Optical window

From Wikipedia, the free encyclopedia

Rough plot of Earth's atmospheric transmittance (or opacity) to various wavelengths of electromagnetic radiation, including visible light.
Rough plot of Earth's atmospheric transmittance (or opacity) to various wavelengths of electromagnetic radiation, including visible light.

In astronomy, the optical window is the optical portion of the electromagnetic spectrum that passes through the atmosphere all the way to the ground. Most EM wavelengths are blocked by the atmosphere, so this is like a window that lets only a narrow selection of what is out there, though the Sun is particularly active in the passed wavelengths. It is called "optical" because the wavelengths we can see are all in this range. The window runs from around 300 nanometers (ultraviolet-C) at the short end up into the range the eye can use, roughly 400-700 nm and continues up through the visual infrared to around 1100 nm, which is thermal infrared.
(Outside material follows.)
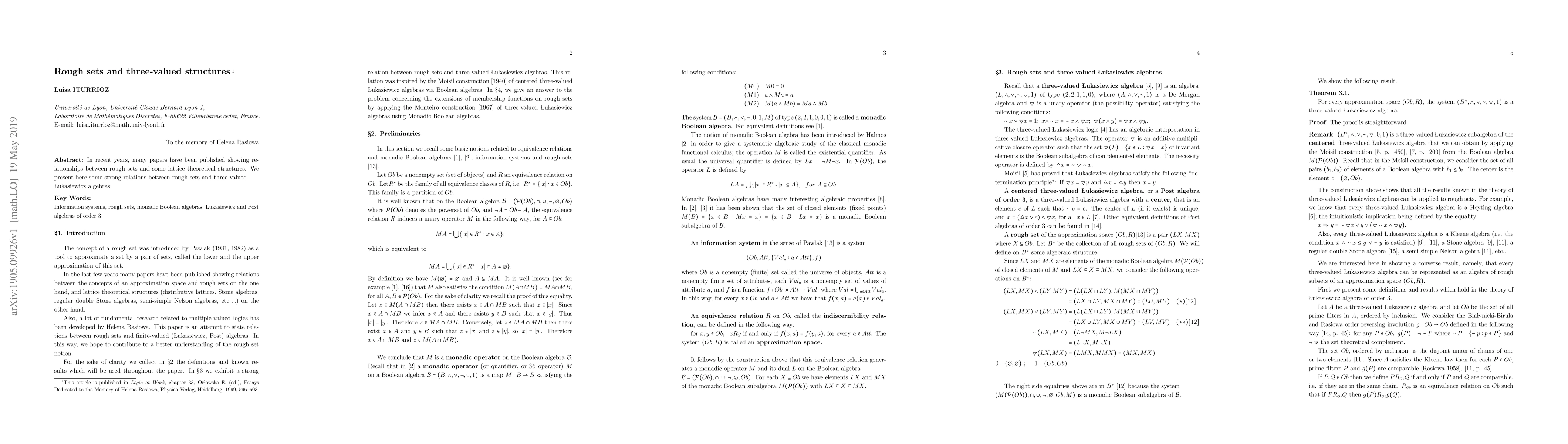 Summary: This paper explores the strong connections between rough sets and three-valued {\L}ukasiewicz algebras, highlighting their interrelations within lattice theoretical frameworks. The study aims to deepen the understanding of these relationships in the context of knowledge representation and uncertainty management.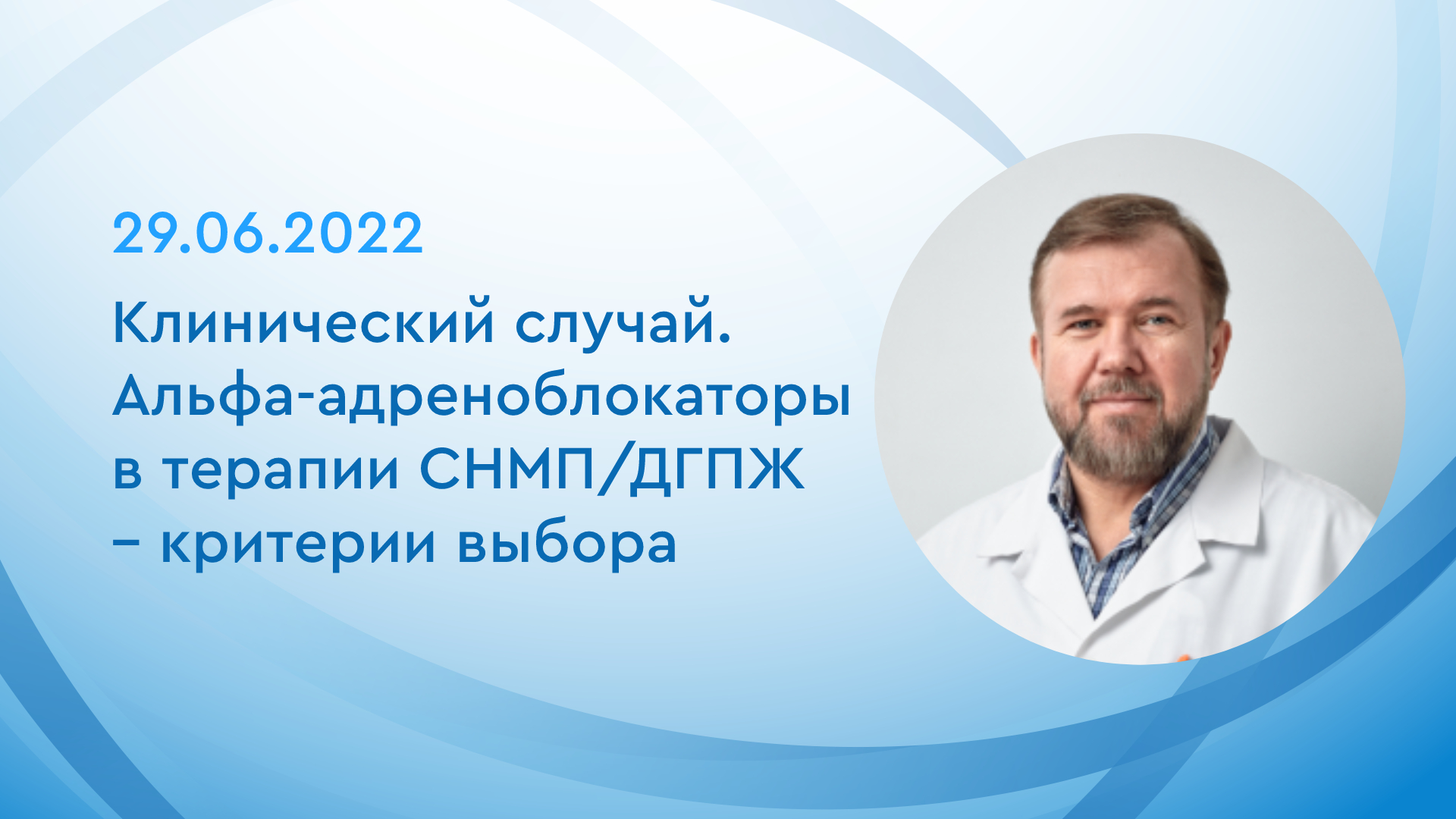 Приглашаем присоединиться к трансляции Клинический случай на тему «Альфа-адреноблокаторы в терапии СНМП/ДГПЖ – критерии выбора», которая состоится 29 июня в 15.00 по московскому времени.

There are also infrared and "radio windows" that transmit some infrared and radio waves. The radio window runs from about one centimeter to about eleven-meter waves.

In medical physics, the optical window is the portion of the visible and infrared spectrum where living tissue absorbs relatively little light. This window runs approximately from 650 nm to 1200 nm. At shorter wavelengths light is strongly absorbed by hemoglobin in blood, while at longer wavelengths water strongly absorbs infrared light.

Optical window can also mean a (usually flat, sometimes optical flat) piece of transparent optical material that allows light into an optical instrument.